* Action item *
Please set down, unchanged, each line from the one with "Een batterij met" to the final line of the data below, both included. Drop the pictures.

[Excerpts from a dataset]
<<<<

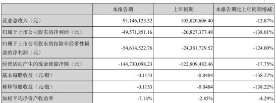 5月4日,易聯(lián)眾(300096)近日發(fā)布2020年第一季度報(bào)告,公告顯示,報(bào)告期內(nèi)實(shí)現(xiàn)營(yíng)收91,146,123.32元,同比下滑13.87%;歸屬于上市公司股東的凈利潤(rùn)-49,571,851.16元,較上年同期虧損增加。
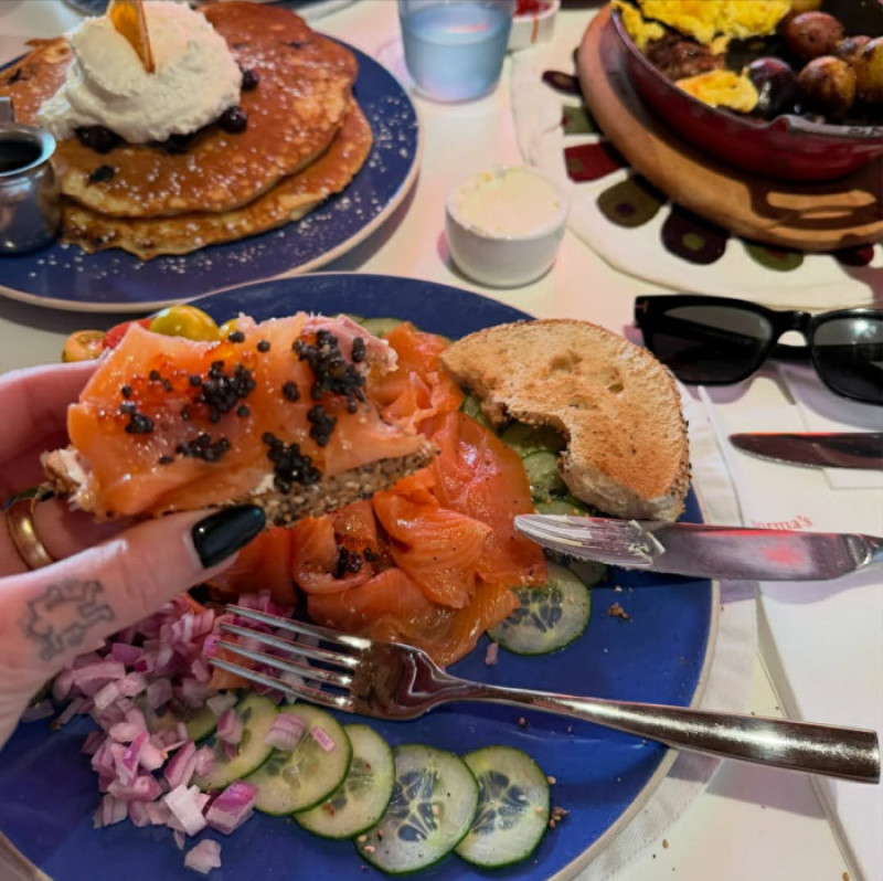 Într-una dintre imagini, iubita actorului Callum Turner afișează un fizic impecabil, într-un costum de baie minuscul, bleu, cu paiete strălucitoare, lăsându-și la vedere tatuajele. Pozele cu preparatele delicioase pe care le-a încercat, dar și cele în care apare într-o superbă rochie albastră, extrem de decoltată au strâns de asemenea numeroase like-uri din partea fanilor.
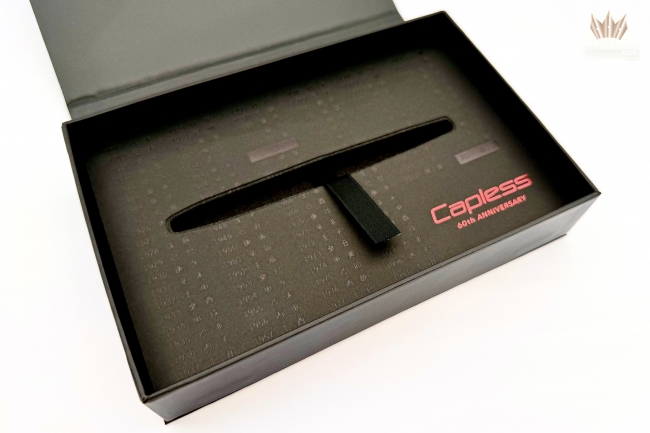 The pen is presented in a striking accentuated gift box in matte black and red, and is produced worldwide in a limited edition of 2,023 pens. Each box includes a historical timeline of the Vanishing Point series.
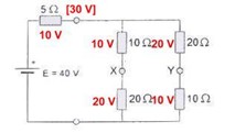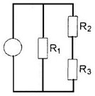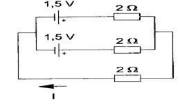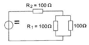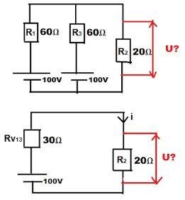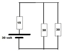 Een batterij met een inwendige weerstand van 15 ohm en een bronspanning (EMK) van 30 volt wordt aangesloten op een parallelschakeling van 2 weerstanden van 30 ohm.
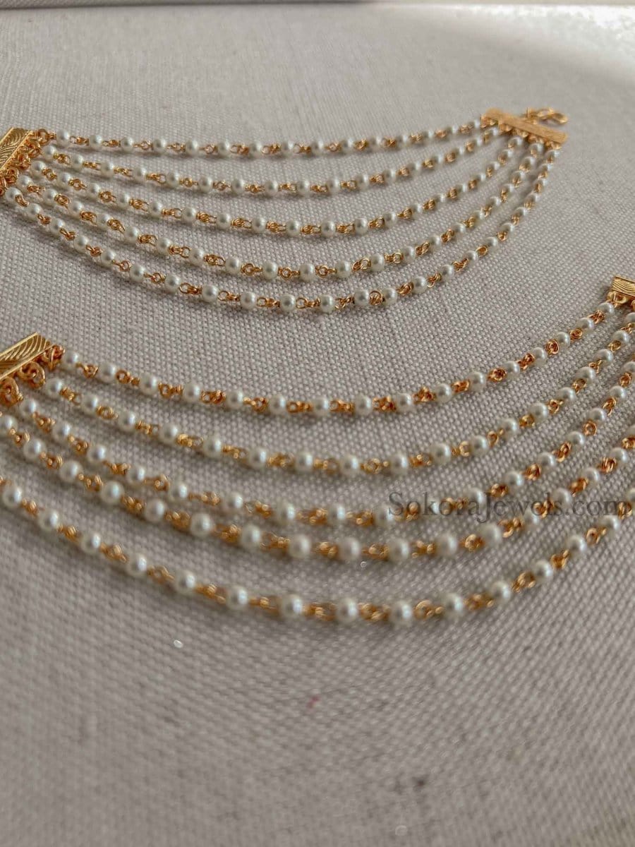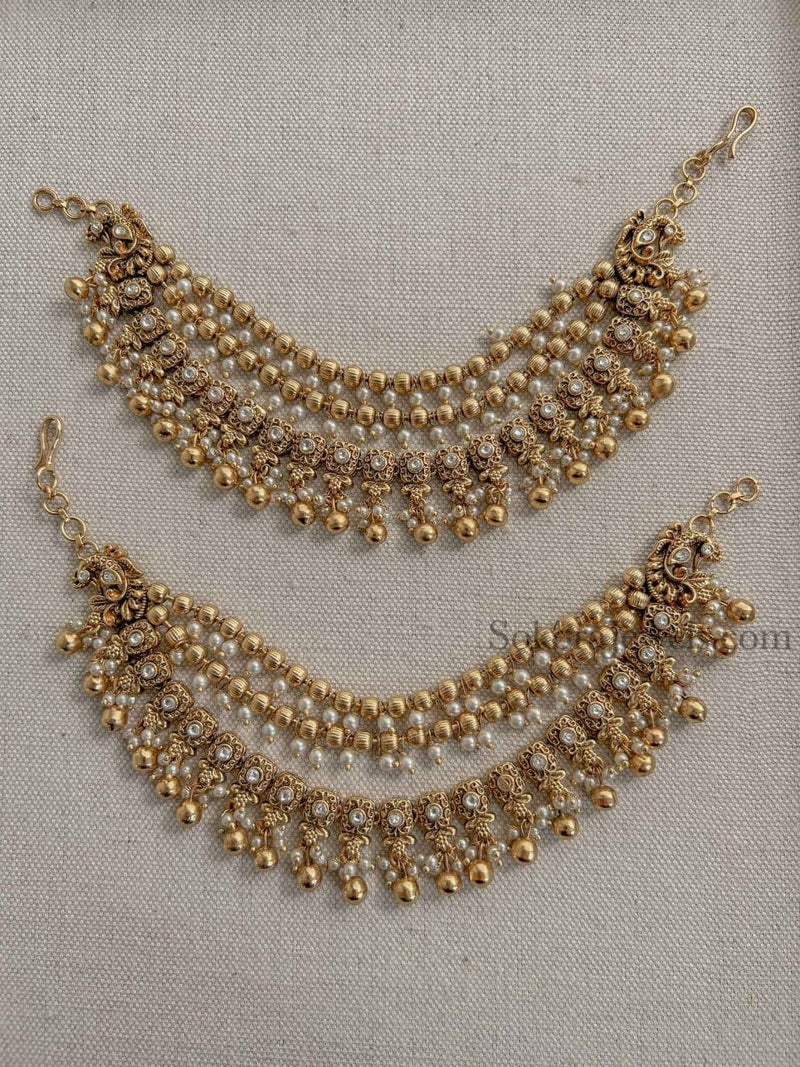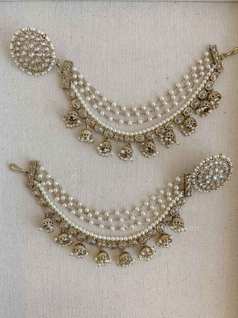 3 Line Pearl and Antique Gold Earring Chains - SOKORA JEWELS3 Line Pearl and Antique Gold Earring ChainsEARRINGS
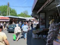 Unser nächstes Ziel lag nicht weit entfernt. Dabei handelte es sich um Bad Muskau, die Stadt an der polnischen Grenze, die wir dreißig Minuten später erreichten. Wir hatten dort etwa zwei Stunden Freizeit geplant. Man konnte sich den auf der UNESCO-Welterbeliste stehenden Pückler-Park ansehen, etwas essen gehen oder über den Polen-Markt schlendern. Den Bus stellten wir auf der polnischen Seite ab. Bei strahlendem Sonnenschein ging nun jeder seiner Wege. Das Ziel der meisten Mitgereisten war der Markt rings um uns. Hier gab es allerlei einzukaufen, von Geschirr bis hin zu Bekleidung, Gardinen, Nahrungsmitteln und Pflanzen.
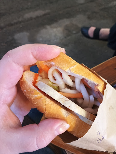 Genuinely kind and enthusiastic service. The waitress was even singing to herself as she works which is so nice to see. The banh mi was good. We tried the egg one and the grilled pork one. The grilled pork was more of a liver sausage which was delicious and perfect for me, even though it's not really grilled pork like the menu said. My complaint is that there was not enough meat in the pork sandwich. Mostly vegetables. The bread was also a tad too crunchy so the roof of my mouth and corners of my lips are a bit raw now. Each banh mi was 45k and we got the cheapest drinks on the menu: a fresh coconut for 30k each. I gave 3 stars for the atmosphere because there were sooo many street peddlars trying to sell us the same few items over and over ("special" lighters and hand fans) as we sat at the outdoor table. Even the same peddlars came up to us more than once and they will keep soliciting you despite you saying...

>>>>

* Answer space *
 Een batterij met een inwendige weerstand van 15 ohm en een bronspanning (EMK) van 30 volt wordt aangesloten op een parallelschakeling van 2 weerstanden van 30 ohm.
 3 Line Pearl and Antique Gold Earring Chains - SOKORA JEWELS3 Line Pearl and Antique Gold Earring ChainsEARRINGS
 Unser nächstes Ziel lag nicht weit entfernt. Dabei handelte es sich um Bad Muskau, die Stadt an der polnischen Grenze, die wir dreißig Minuten später erreichten. Wir hatten dort etwa zwei Stunden Freizeit geplant. Man konnte sich den auf der UNESCO-Welterbeliste stehenden Pückler-Park ansehen, etwas essen gehen oder über den Polen-Markt schlendern. Den Bus stellten wir auf der polnischen Seite ab. Bei strahlendem Sonnenschein ging nun jeder seiner Wege. Das Ziel der meisten Mitgereisten war der Markt rings um uns. Hier gab es allerlei einzukaufen, von Geschirr bis hin zu Bekleidung, Gardinen, Nahrungsmitteln und Pflanzen.
 Genuinely kind and enthusiastic service. The waitress was even singing to herself as she works which is so nice to see. The banh mi was good. We tried the egg one and the grilled pork one. The grilled pork was more of a liver sausage which was delicious and perfect for me, even though it's not really grilled pork like the menu said. My complaint is that there was not enough meat in the pork sandwich. Mostly vegetables. The bread was also a tad too crunchy so the roof of my mouth and corners of my lips are a bit raw now. Each banh mi was 45k and we got the cheapest drinks on the menu: a fresh coconut for 30k each. I gave 3 stars for the atmosphere because there were sooo many street peddlars trying to sell us the same few items over and over ("special" lighters and hand fans) as we sat at the outdoor table. Even the same peddlars came up to us more than once and they will keep soliciting you despite you saying...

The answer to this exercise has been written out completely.